**Provided material**:

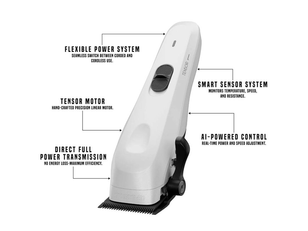 MY-BLADES Tensor 1 je prvý profesionálny AI strojček na vlasy, ktorý doslova premýšľa, zatiaľ čo strihá. Je poháňaný AI Tensor motorom – vôbec prvým svojho druhu – ktorý ženie čepeľ až na 26 000 otáčok za minútu. Žiadne prevody, žiadne straty výkonu. Len čistá sila, presnosť a úplne plynulý ťah.
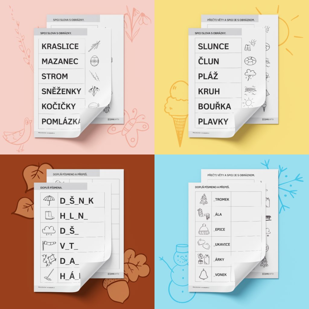 Cílem pracovních listů je naučit děti číst, psát, správně vyslovovat a porozumět krátkým textům týkajících se jednotlivých ročních období.
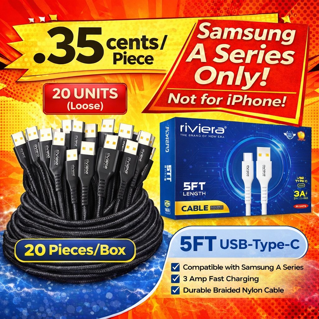 Pack of 20 // CLEARANCE [Samsung A Series Only] [Not for iPhones] - 5FT [USB - Type C (PD)] - Black (8)
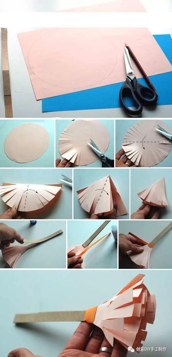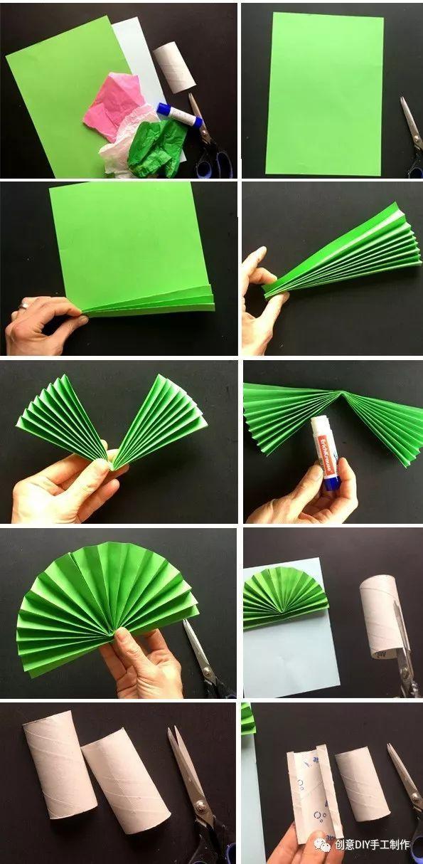 材料和工具:彩纸、手揉纸、纸筒、固体胶、剪刀
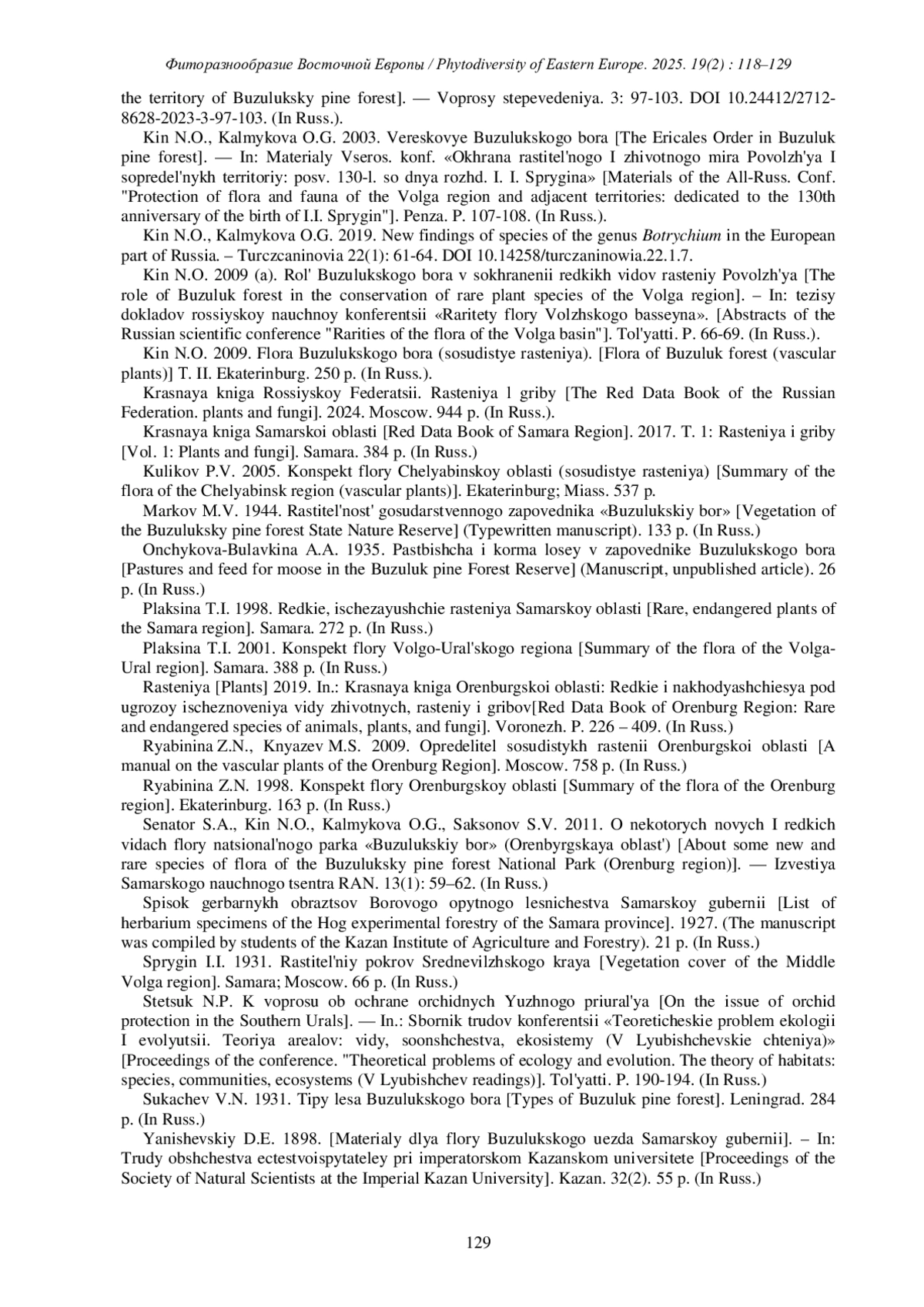 КИН Н. О. СПЕКТР РЕДКИХ И ОХРАНЯЕМЫХ РАСТЕНИЙ САМАРСКОГО И ОРЕНБУРГСКОГО РЕГИОНОВ В УСЛОВИЯХ БУЗУЛУКСКОГО БОРА // ФИТОРАЗНООБРАЗИЕ ВОСТОЧНОЙ ЕВРОПЫ. 2025. Т. 19 № 2

**Problem to solve**: Beginning with the line that contains "材料和工具:彩纸、手揉纸、纸筒、固体胶、剪刀" and ending with the final line of the material, reproduce those lines exactly and nothing else. Omit the pictures.

**Exercise response**:
 材料和工具:彩纸、手揉纸、纸筒、固体胶、剪刀
 КИН Н. О. СПЕКТР РЕДКИХ И ОХРАНЯЕМЫХ РАСТЕНИЙ САМАРСКОГО И ОРЕНБУРГСКОГО РЕГИОНОВ В УСЛОВИЯХ БУЗУЛУКСКОГО БОРА // ФИТОРАЗНООБРАЗИЕ ВОСТОЧНОЙ ЕВРОПЫ. 2025. Т. 19 № 2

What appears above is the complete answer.